Antony Starr has gone on to get attention for The Boys, Tom Pelphrey is getting attention for the last season of Ozark, and you created a character like Job, who I think is truly one of the best characters, with Hoon Lee’s performance. One of the stand-out things about Banshee was the incredible cast that you assembled. That really changed the way we wrapped up the series. It was about him finally becoming liberated to find his identity. It was about him finding his own identity instead of the non-identity of a prisoner and then this assumed identity. He never had a chance to become anyone, so I realized the end of the story was less about dying and sacrifice, and more about him finally coming to the end of his journey as nobody and setting off to become the person that he is.

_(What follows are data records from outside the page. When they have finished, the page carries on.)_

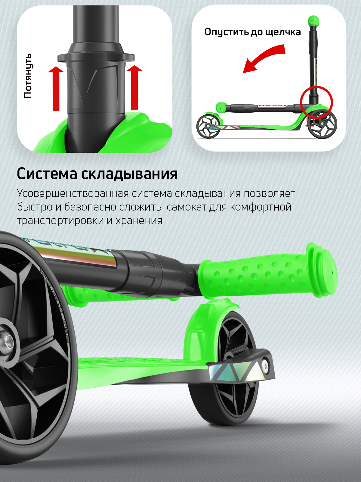 Самокат, самокат трехколесный детский, с цветными ручками Buggy Boom Alfa Mini R, зеленый флюр
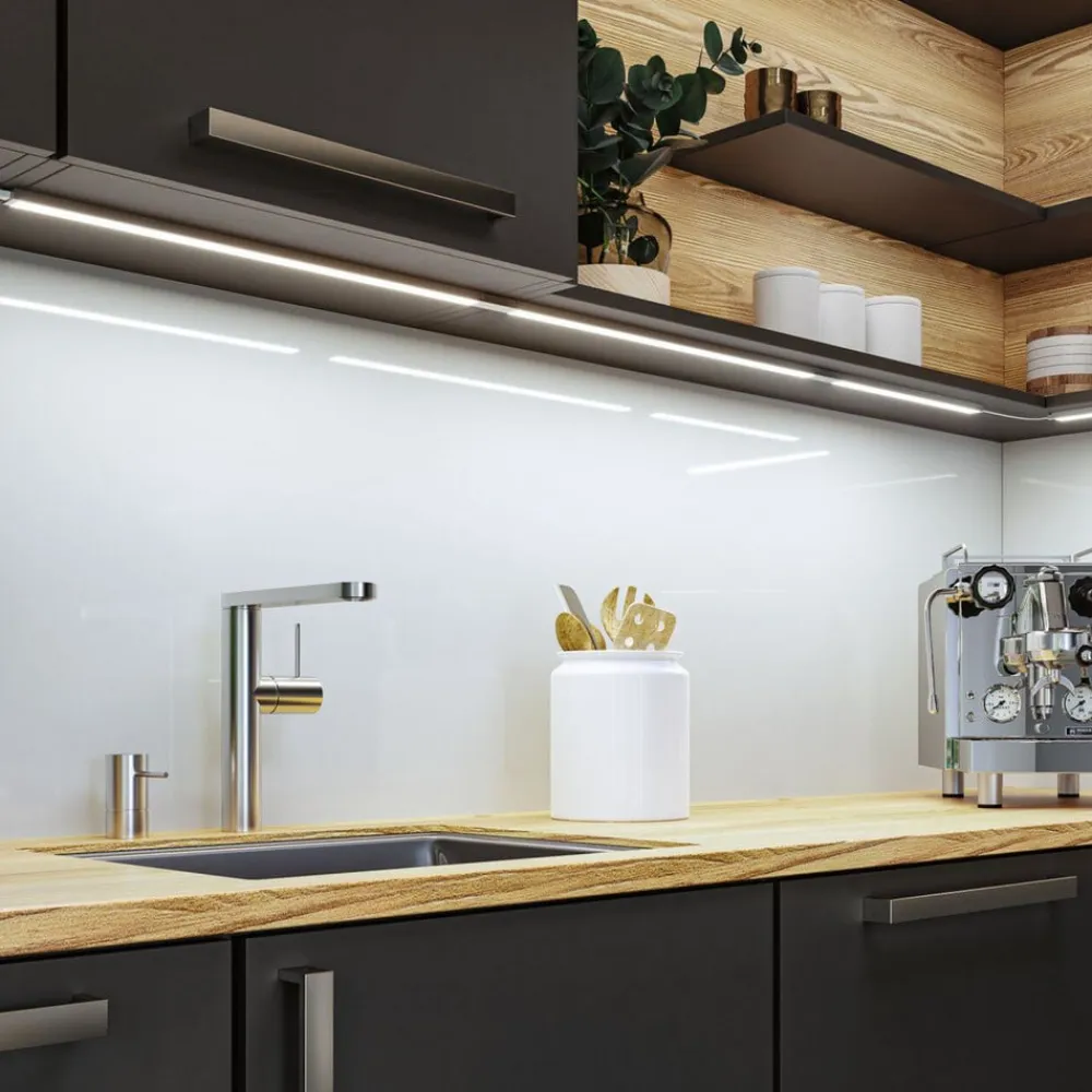 Moderne køkkenbelysning med bevægelsesstyring og justerbar lysfarve – LED underskabslampe Inline, startsæt med to lamper LED underskabslampen Inline er designet til funktionel belysning af køkkenets arbejdsflader. Den består af en slank aluminiumsprofil og en diffusor med overflader, der er nemme at rengøre. Der er integreret en PIR-sensor til betjening, så den kan betjenes berøringsfrit – praktisk og hygiejnisk. Lysfarven kan justeres fra varm hvid til dagslys ved blot at tørre sensoren af med hånden – Startsæt med to lamper, tilslutningskabel med plug-in-strømforsyningsenhed, tilslutningskabel, installationsmateriale – Kan suppleres med et forlængersæt (op til en maksimal samlet effekt på 24 W) – PIR-sensoren på den første lampe bruges til at styre alle andre tilsluttede lamper sammen – Hukommelsesfunktion gemmer den valgte lysfarve
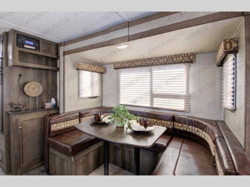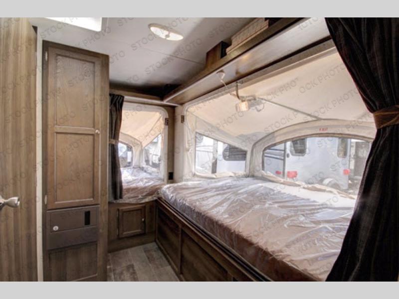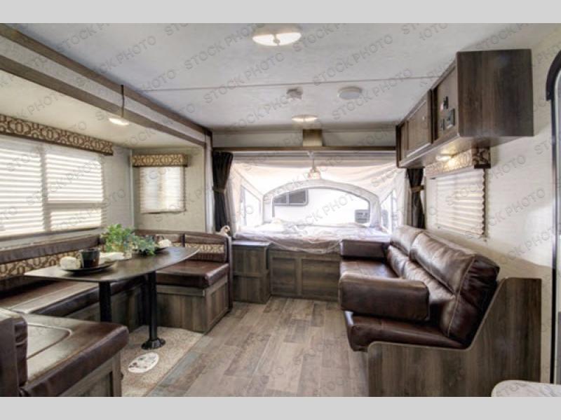 Step inside 2190EX to your right to see a fold-down sofa. Next, the first queen tent end bed is along the front of the expandable. There is storage overhead as well as underneath the bed, plus a corner end table to place your things. A slide out u-shaped dinette for meals or playing games is opposite the sofa. The sofa and dinette also provide additional sleeping space at night if needed for family and friends.
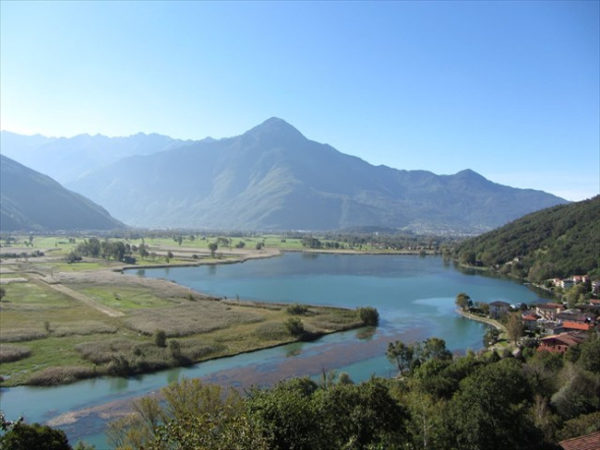 La passeggiata panoramica sul Pian di Spagna parte da piazza Cesare Battisti a Sorico, in provincia di Como. Si imbocca la stradina di asfalto rosso parallela alla statale (segnavia chiesa di San Miro/Dascio/Via dei Monti Lariani) e, dopo aver attraversato due ponticelli, si prosegue su una mulattiera che parte ai piedi della torre di Sorico, dove si può anche osservare la grotta in cui dimorò San Miro. La strada spiana leggermente per poi salire fino alla fonte di San Miro, un’elegante edicola della fine del Cinquecento. Un’ultima salita e si arriva al Santuario di San Miro, poggio dal quale si ammira un panorama stupendo sul primo tratto del Lago di Como. Il cammino riprende sulla mulattiera dietro la chiesa, prima in salita fino a Corzone e poi discendendo fino a Masina. Si può poi scegliere se tornare subito a Sorico, raggiungibile seguendo una mulattiera (segnavia MTB Sorico), oppure proseguire fino a Dascio. In questo caso occorre seguire la strada asfaltata fino ai Prati Meriggi dove, all’altezza di una torre – cabina elettrica si deve imboccare la mulattiera seguendo il segnavia Dascio/Albonico/San Fedelino. Giunti a Dascio, si segue la mulattiera per Albonico/Stagni di Peschiera/San Fedelino che porta al sasso di Dascio. Si torna indietro fino a un gruppo di case e, giunti di fronte alla fontana, si svolta a sinistra su un sentiero che attraversa abitazioni e vigneti fino alla chiesa di San Biagio. Si riprende la mulattiera dell’andata (segnavia MTB Sorico) e dopo circa 1 Km si segue per Ponte Passo/Sorico che conduce al Ponte del Passo. Si imbocca infine la pista ciclo pedonale lungo il fiume Mera fino a Sorico.

What I came to understand, over the course of writing the show, was that this guy who doesn’t have a name, who we called Lucas Hood, went to prison when he was so young that he never really became anyone and the minute he got out of jail, he assumed another fake identity. TROPPER: I always felt that the Lucas Hood story was a tragedy and I always felt that ultimately his redemption lay in sacrifice. I was pretty sure I knew how it would end, and we made a real pivot away from that quickly. TROPPER: No, I had a very different idea of how it would end and that only changed as we were finishing up the third season. I think those guys figured out the look and patina of the show, but in terms of the tone of it, the style of it, and the fact that you could have fun and action and adventure while still taking your characters very seriously, that was my goal.Īre you someone who also went into the show knowing how it would end, from the beginning? That really gritty, brown aesthetic of Banshee came from a combination of Greg Yaitanes, our producing director, and Chris Faloona, our director of photography. I don’t know if I pictured in my head, visually, the aesthetic of it. Visually, I worked with people who were much better than me at figuring out what the visuals were. I think it did pretty much come out the way I had hoped. I was looking for something that would my satisfy my action jones while at the same time, because I’m a novelist, I also wanted it to have more of a literary bent and was very character driven with a large amount of characters and an intertwined plot.
Banshee tv show netflix movie#
I was a big fan of straight to video action movies because you could rarely find a theatrical action movie on late night cable, back then. I was always late night cable surfing for action movies. But I was usually looking for a movie because TV shows did do it. It started from the notion that I wanted to put something on TV that was the kind of thing I always looked for when I was late night cable surfing. TROPPER: Banshee was the first thing I ever had produced, TV or film. When you set out to make Banshee, what was your plan for the show? What were you looking to do with the storytelling? What were you hoping that it would be and did you expect it to end up how it ultimately did? You can do a season at a time and get really lost in it. Banshee really is a show that works for binging. One of my biggest regrets about what was happening with Cinemax was that we had four seasons of what I felt was an incredibly binge-able show and people just didn’t have the opportunity to see it.
Banshee tv show netflix series#
It will be interesting to see how people react to the show when they can not only watch an entire season, but the entire series at once. RELATED: 'The Knick’ and 'Banshee' Are Finally Coming to HBO Max We always took the approach that it was a pulpy, fun action show and we needed to end every episode with the kind of bang that makes you want to come back for more. So, I don’t think we would have necessarily done anything differently. You have to do that thing that makes them want to start the next episode. To get people to binge your show, it’s the same thing. JONATHAN TROPPER: It’s weird, when we started Banshee, there were no streaming services, so we were very much about giving people a reason to tune in next week. With the four seasons of Banshee now available to binge at HBO Max, Collider got the opportunity to chat 1-on-1 with co-creator/writer/executive producer Jonathan Tropper about how Banshee was the first thing he’d ever produced, what he learned on the job, realizing that his original plan for the series ending needed to change, how the fight scenes influenced what he went on to do with Warrior, and how emotional it was to say goodbye to these characters and this world.ĬOLLIDER: If you had done this series for a streaming site originally, do you think you would have done anything differently, knowing that people would be binging a whole season at a time?